DETAILED ACTION
This is a response to the Amendment to Application # 16/006,691 filed on May 16, 2022 in which claims 1, 3-7, 10, and 19 were amended.  

Continued Examination Under 37 C.F.R. § 1.114
A request for continued examination under 37 C.F.R. § 1.114, including the fee set forth in 37 C.F.R. § 1.17(e), was filed in this application after final rejection. Since this application is eligible for continued examination under 37 C.F.R. § 1.114, and the fee set forth in 37 C.F.R. § 1.17(e) has been timely paid, the finality of the previous Office action has been withdrawn pursuant to 37 C.F.R. § 1.114. Applicant's submission filed on May 16, 2022 has been entered.
 
Notice of Pre-AIA  or AIA  Status
The present application, filed on or after March 16, 2013, is being examined under the first inventor to file provisions of the AIA .

Status of Claims
Claims 1-20 are pending, of which claims 1-4, 10-13, 19, and 20 are rejected under 35 U.S.C. § 102(a)(2) and claims 5-8 and 14-17 are rejected under 35 U.S.C. § 103.

Claim Objections
Claims 1-18 are objected to for failing to comply with 37 C.F.R. § 1.75(g), which requires “[t]he least restrictive claim should be presented as claim number 1” (emphasis added). See also, MPEP § 608.01(i)). In the present application, the claim presented as claim number 10 is the least restrictive claim of the independent claims. This objection will be held in abeyance upon Applicant’s request.
	

Claim Rejections - 35 U.S.C. § 102
In the event the determination of the status of the application as subject to AIA  35 U.S.C. §§ 102 and 103 (or as subject to pre-AIA  35 U.S.C. §§ 102 and 103) is incorrect, any correction of the statutory basis for the rejection will not be considered a new ground of rejection if the prior art relied upon, and the rationale supporting the rejection, would be the same under either status.  

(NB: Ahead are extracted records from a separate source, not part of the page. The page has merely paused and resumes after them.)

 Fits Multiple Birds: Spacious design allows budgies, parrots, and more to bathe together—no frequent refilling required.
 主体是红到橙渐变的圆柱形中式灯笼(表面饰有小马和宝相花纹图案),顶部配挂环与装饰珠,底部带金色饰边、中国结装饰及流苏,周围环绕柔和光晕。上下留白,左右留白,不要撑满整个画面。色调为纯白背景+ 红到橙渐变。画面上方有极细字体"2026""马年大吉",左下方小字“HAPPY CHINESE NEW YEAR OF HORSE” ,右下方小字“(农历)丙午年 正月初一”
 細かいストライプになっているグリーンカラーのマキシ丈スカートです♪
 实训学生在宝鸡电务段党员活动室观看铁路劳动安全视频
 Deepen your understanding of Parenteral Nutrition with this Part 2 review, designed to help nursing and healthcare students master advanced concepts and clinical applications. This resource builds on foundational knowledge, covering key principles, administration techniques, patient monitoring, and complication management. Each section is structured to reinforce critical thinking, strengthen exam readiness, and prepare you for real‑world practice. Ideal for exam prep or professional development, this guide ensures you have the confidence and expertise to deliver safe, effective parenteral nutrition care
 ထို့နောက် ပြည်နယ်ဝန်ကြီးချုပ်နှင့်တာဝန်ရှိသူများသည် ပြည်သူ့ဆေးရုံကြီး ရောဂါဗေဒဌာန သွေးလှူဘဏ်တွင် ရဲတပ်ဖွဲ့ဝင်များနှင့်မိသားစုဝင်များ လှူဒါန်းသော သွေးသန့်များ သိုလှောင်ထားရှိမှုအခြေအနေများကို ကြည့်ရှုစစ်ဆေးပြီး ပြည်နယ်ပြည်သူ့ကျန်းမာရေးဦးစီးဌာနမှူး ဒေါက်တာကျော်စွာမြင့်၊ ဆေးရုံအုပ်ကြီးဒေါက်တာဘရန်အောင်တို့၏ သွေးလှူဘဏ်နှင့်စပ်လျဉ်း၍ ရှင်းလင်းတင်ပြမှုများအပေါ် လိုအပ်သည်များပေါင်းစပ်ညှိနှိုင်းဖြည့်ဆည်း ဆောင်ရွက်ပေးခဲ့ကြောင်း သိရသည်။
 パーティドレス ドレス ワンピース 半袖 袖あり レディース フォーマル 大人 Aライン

The following is a quotation of the appropriate paragraphs of 35 U.S.C. § 102 that form the basis for the rejections under this section made in this Office action:
A person shall be entitled to a patent unless –

(a)(2) the claimed invention was described in a patent issued under section 151, or in an application for patent published or deemed published under section 122(b), in which the patent or application, as the case may be, names another inventor and was effectively filed before the effective filing date of the claimed invention.

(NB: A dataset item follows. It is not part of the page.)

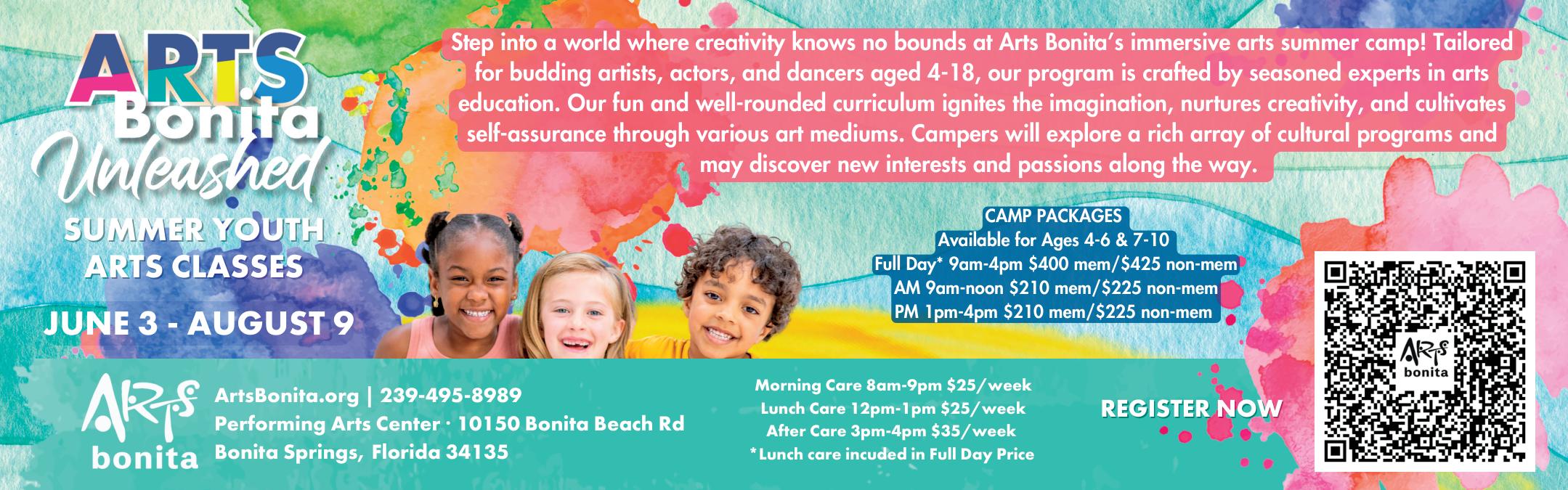 WEBSITE AGES DATES TYPE www.artcenterbonita.org 3-18 years June 5-August 9 Visual & Performing Arts, Specialty www.artisnaples.org/summercamp Grades 2-12 June Performing & Visual Arts https://corkscrew.audubon.org 6-12 years June 3-July 19 Nature www.avowcares.org All ages June 1-August 8 Specialty www.bdanaples.com 3-18 years June & July Dance www.ymcaswfl.org/summer-camp 5-15 years June 3-August 9 General & Specialty www.bgccc.com 6-18 years June 3-August 2 General www.bgccc.com 6-18 years June 3-August 2 General www.camphighlander.com Grades K-10 June 9-July 30 Overnight www.templeshalompreschoolnaples.org 1-6 years June & July General www.childrenforthearts.com 6-15 years June 10-21 Theater Arts www.childmont.com 1-6 years June & July General & VPK www.childproviderspecialists.org Grades K-8 June-August Specialty www.circlefduderanchcamp.com 6-16 years June 9-August 3 Overnight www.naplesgov.com 4-15 years June 3-August 9 Specialty

Claims 1-4, 10-13, 19, and 20 are rejected under 35 U.S.C. § 102(a)(2) as being anticipated by Cohen et al., US Publication 2019/0197154 (hereinafter Cohen), as cited on the Notice of References Cited dated October 25, 2021.

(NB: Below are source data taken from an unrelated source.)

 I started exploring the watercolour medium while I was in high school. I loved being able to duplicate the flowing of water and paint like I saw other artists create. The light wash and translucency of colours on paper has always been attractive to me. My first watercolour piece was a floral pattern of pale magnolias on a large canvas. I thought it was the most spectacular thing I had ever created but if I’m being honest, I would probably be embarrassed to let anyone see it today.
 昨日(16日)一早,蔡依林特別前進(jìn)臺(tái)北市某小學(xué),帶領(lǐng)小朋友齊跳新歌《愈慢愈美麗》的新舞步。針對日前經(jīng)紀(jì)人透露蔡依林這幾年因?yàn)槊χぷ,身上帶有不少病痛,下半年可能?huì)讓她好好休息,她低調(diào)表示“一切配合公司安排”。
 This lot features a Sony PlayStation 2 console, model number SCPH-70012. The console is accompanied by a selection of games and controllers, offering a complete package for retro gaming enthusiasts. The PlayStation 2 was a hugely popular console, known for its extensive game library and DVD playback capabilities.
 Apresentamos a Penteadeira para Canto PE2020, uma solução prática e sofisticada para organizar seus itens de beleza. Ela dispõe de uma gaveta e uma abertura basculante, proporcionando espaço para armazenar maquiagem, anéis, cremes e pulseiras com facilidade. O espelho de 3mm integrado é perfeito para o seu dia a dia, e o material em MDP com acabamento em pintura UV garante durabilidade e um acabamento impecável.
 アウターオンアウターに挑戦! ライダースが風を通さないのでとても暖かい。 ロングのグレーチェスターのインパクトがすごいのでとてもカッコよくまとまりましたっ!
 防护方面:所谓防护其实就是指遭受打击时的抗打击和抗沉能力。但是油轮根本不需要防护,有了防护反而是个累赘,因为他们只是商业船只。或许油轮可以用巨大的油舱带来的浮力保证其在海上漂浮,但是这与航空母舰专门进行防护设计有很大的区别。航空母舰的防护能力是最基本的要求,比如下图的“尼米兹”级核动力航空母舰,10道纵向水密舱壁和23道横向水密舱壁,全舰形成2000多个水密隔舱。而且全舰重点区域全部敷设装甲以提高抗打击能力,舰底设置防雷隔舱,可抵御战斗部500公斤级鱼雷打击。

Regarding claim 1, Cohen discloses a system for natural language processing, the system comprising “a memory storing instructions; and a processor coupled with the memory and configured, when executing the instructions on the memory.” (Cohen ¶ 7). Additionally, Cohen discloses the instructions “to cause the system to: encode first words from a context and second words from a question. (Cohen ¶¶ 52,63, Fig. 9) where the features of the bar graph (i.e., the context) are encoded (Cohen ¶ 52) and shown to include words in the form of labels (Cohen Fig. 9) and further giving an example of encoding the question “what is the value of xyz?” (Cohen ¶ 63). Further, Cohen discloses “wherein the question is separate from but related to the context” (Cohen ¶ 18) where the question is about (i.e., related to) the graph, but it is not itself, the graph. Moreover, Cohen discloses “the encodings performed in parallel” (Cohen ¶ 77) by indicating that any steps may be performed in parallel. Likewise, Cohen discloses “decode the encoded context and the encoded question” (Cohen ¶¶ 60, 86) where the results of the CNN are decoded (Cohen ¶ 86) and detailing that the input of the CNN was the encoded context and question. (Cohen ¶ 60). 
Cohen also discloses “generate, based on the decoded context and the decoded question, a first distribution over the first words from the context, a second distribution over the second words from the question, and a third distribution over third words in a vocabulary; generate a first weight of the first distribution, a second weight of the second distribution, and a third weight of the third distribution” (Cohen ¶¶ 51, 64, 86-88, 115 and Fig. 3) where a distribution is generated (Cohen ¶ 88) based on the results of the CNN (i.e., the decoded context and question, Cohen ¶ 86). Cohen discloses that the feature vector of the entire graph, which would include the labels (i.e., the first words), is weighted (Cohen ¶ 64); that the attention-weighted features include the words of the question (Cohen ¶ 115); and that a weighted distribution for the output (i.e., an answer) is used (Cohen ¶ 51). Finally, Cohen discloses “generate a composite distribution based on the first weight, second weight, and third weight; and select words for inclusion in an answer using the composite distribution” (Cohen ¶ 64) by combining the feature vectors to generate output.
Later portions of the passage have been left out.